Heidi spends the next several days at Ruby’s and Roy’s house, not wanting to talk or care about the funeral arrangements for Mama. Roy and Bernie decide to send Mama’s body to Liberty for burial there. Heidi comforts herself by wrapping up in a quilt and lying in the hammock in her nightgown.
The day before the casket arrives, Ruby suggests that Heidi clean up and offers to cut her hair for the service. Heidi goes to the mirror and begins to chop at her own hair, angry and upset. She cries. Ruby hears and finishes the haircut on the porch. She tells Heidi to leave the quilt behind to see the result; in the mirror, Heidi is “some other girl. […] Some girl with a new haircut and no mama” (233). Ruby tells Heidi that it is okay to not know if she likes the new haircut or not.
Heidi speaks at Mama’s brief graveside service instead of a minister. She plans to read a brief list entitled “Who She Was” but spontaneously speaks instead about Mama’s several names and on the word soof. Soof was more than Elliot’s name for Mama; when Mama said it, she was referring to love. Heidi places Mama’s teacup and a pack of her favorite candy, Jujyfruits—green ones removed—on the casket before it is lowered. Heidi recalls how Mama always offered tea.
Roy and Ruby offer to allow Heidi to live with them after Mama dies, but Heidi opts to return to Reno and Bernie. She starts school at the junior high and continues friendship with Zander. Bernie tries giving up coffee and learning to cook better meals. Heidi’s ability with lucky guesses and chance disappears. She returns to Liberty for the placing of a headstone at Mama’s grave. Ruby has a successful pregnancy and gives birth to a little girl; Heidi suggests the name Aurora. Back home in Reno, when Heidi buys a box of Jujyfruits on a trip to the market, she discovers how Mama probably decided to name her: “The name of the company that makes Jujyfruits is written on the in small black letters indie a red diamond. Heide. It’s not spelled the same, ending with an e instead of an I, but even so I’m pretty sure it would sound the same if you said it out loud” (242). Though Heidi realizes that she will never prove this speculation, it no longer bothers her to not know, and she goes to help Bernie with Ruby’s pot roast recipe.
The novel’s conflicts resolve in these three concluding chapters. Heidi moves through stages of grief in the days after Mama dies, and Roy and Ruby support her as best they can. Heidi tries to make a sheltering cocoon of the quilt and hammock, but eventually Ruby gently pulls her out of it to prepare for Mama’s graveside service. The symbol of the protective cocoon complements the transformation Heidi makes as she chops off her own hair, changing her appearance in an attempt to feel different from the girl with ever-tangled hair that she used to be. Indeed, Roy and others emphasize this coming-of-age moment by commenting on Heidi’s changed appearance, saying that she looks older.
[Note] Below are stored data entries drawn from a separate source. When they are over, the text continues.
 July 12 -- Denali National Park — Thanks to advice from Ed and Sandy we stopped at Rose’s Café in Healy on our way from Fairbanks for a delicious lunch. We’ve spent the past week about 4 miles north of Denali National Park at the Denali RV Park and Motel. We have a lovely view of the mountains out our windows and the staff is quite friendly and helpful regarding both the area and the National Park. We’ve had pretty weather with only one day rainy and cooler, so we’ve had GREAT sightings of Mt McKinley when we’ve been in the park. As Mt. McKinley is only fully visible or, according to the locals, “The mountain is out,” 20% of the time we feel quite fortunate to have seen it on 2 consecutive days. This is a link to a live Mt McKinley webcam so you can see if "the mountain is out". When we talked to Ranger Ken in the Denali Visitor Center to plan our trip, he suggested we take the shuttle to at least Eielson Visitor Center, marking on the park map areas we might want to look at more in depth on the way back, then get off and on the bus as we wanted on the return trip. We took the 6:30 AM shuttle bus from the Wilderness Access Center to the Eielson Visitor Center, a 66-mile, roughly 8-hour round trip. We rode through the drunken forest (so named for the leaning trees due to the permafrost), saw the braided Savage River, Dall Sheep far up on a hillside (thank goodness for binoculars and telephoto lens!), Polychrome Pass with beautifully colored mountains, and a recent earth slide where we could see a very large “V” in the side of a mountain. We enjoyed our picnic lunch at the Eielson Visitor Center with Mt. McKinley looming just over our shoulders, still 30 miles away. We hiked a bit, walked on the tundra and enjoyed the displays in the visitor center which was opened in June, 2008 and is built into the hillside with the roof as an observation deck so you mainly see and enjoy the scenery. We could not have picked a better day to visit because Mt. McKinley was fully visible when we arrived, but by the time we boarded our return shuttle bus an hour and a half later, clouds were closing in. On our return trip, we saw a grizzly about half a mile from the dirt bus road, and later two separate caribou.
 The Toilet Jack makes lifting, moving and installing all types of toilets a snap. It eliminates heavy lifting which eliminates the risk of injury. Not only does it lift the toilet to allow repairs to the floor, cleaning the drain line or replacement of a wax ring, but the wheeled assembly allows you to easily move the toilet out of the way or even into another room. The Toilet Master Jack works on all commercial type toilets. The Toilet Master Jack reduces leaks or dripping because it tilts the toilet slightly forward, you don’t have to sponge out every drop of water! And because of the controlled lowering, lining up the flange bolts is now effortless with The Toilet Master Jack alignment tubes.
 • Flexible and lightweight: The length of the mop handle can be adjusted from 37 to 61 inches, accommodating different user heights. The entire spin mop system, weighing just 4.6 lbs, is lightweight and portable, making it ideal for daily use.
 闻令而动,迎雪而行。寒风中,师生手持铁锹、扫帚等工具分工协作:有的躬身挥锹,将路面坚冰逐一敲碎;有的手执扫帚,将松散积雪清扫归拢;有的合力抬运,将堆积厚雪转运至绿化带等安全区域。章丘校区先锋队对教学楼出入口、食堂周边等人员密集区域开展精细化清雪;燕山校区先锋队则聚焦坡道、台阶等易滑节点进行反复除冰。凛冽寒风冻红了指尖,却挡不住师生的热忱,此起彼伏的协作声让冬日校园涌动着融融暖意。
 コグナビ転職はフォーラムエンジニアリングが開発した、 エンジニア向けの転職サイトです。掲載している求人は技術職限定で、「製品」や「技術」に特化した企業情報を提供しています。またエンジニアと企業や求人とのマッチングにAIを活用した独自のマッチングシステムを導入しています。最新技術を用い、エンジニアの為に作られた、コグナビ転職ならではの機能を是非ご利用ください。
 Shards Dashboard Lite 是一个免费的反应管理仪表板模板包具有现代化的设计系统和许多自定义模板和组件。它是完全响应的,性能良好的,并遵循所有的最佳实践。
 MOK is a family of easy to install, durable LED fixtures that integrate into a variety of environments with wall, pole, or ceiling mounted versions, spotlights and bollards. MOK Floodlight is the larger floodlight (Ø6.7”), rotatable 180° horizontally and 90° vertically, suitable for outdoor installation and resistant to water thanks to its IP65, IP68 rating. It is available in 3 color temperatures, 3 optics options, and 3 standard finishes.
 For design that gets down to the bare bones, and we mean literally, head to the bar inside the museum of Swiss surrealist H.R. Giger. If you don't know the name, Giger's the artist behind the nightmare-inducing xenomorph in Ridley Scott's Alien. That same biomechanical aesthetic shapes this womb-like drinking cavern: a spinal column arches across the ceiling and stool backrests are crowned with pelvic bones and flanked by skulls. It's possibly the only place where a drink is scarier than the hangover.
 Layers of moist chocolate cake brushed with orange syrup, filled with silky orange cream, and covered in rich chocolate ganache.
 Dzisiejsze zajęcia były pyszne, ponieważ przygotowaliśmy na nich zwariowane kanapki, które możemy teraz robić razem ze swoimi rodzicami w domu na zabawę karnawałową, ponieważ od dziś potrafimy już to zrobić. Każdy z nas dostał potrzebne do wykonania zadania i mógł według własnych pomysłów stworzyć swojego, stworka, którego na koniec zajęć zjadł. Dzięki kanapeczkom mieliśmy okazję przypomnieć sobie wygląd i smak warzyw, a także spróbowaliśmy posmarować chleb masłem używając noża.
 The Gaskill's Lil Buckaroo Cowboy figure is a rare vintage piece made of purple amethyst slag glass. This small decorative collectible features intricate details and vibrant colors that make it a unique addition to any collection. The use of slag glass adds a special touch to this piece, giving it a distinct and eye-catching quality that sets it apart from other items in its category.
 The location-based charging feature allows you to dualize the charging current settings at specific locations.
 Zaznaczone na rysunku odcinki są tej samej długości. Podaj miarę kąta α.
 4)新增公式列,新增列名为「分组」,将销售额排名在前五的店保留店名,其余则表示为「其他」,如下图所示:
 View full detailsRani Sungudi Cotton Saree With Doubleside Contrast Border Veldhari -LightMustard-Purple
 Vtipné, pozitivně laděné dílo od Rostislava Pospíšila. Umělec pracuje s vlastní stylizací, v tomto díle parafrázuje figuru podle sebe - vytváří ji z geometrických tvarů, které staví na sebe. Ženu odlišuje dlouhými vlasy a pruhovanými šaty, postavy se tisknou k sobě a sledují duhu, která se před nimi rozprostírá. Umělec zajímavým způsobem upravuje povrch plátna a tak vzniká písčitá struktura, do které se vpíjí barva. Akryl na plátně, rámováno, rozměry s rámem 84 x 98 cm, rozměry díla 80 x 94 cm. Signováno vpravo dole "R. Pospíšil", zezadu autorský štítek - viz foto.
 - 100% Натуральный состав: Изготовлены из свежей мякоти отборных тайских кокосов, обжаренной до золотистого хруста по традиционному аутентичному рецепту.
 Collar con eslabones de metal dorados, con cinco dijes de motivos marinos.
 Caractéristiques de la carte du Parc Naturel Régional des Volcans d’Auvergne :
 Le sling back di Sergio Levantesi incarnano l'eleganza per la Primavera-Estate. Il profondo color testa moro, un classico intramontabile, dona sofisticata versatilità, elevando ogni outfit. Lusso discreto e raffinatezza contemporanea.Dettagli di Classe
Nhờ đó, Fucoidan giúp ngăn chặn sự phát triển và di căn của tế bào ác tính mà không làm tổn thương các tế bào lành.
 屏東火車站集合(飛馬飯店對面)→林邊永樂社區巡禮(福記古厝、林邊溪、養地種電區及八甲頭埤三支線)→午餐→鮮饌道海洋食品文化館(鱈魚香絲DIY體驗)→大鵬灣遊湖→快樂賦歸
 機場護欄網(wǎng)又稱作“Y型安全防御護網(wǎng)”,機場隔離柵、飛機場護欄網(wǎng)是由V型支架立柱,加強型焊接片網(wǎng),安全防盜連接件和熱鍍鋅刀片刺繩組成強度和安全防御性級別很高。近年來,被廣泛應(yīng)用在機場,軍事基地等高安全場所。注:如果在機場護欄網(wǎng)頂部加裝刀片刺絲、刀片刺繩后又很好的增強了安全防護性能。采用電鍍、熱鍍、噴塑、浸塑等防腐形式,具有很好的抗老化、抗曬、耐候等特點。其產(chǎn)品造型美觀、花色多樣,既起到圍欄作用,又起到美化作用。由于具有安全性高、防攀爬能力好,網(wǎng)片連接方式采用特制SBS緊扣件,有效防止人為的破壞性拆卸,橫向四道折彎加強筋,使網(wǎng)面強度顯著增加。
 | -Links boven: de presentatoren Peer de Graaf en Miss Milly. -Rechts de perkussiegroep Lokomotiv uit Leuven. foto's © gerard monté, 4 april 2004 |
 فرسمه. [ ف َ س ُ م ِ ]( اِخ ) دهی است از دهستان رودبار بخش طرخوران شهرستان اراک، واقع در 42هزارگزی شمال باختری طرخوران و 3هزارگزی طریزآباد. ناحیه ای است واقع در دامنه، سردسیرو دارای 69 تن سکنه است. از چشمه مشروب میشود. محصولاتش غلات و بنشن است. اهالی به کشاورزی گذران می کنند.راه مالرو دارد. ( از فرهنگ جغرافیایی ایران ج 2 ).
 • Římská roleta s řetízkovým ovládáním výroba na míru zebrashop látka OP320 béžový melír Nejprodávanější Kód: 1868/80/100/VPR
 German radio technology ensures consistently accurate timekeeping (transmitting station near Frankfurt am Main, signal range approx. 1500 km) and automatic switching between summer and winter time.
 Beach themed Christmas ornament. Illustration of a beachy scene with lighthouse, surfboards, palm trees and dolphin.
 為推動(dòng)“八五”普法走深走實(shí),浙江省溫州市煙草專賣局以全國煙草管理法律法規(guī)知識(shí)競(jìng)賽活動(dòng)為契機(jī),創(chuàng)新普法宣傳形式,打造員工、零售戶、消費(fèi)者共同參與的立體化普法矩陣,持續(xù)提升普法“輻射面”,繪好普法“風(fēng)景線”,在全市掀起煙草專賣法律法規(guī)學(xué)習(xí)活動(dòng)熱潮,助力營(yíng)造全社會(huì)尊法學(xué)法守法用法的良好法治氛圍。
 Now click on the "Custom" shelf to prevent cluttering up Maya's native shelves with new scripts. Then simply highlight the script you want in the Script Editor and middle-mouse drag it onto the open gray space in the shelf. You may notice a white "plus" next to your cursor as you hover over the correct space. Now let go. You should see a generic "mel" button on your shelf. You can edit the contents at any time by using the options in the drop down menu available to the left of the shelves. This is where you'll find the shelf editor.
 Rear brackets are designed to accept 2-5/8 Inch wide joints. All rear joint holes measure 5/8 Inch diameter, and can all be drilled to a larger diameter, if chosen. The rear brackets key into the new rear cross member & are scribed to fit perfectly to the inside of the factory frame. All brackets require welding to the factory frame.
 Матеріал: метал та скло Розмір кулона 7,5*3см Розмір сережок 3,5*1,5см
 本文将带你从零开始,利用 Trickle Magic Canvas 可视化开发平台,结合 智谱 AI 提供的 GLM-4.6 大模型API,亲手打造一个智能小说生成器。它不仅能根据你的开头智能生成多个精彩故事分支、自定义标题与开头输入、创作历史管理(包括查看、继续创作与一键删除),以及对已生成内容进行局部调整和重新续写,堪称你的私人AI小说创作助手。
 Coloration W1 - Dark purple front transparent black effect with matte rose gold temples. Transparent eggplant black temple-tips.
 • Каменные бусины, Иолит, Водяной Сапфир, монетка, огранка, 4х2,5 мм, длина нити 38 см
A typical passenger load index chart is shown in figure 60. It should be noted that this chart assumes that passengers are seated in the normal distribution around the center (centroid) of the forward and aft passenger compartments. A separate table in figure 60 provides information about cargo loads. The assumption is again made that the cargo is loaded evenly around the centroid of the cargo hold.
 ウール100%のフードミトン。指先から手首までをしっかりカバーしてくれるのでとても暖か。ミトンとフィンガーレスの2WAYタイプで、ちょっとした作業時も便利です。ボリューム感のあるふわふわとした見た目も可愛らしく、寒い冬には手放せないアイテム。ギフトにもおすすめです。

The cutting of the hair prepares Heidi symbolically to attend the rite of burial for her mother and to speak in her honor. Now changed and mature, Heidi grasps for the first time what soof meant to her mother: love. She talks about others’ names for her mother and the way that all the names befit Mama. The teacup, a symbol of soothing throughout the book, goes into Mama’s grave with her; now roles and reversed and Heidi places it there in a symbolic attempt to soothe Mama and be her caretaker.
Heidi’s maturity leads her to return to Bernie instead of staying with Roy and Ruby. The author alludes to hope in everyone’s future when Ruby has a healthy little girl, “a baby they name Aurora at [Heidi’s] suggestion” (241). Finally, Heidi’s coming-of-age leads her to choose against perseverating on questions to which she may never learn the answer, unlike her character earlier in the novel. When faced with the new questions about her name possibly being inspired by the Jujyfruits label, Heidi decides to let the questions go in favor of spending time helping Bernie: “I tossed the yellow box aside” (242).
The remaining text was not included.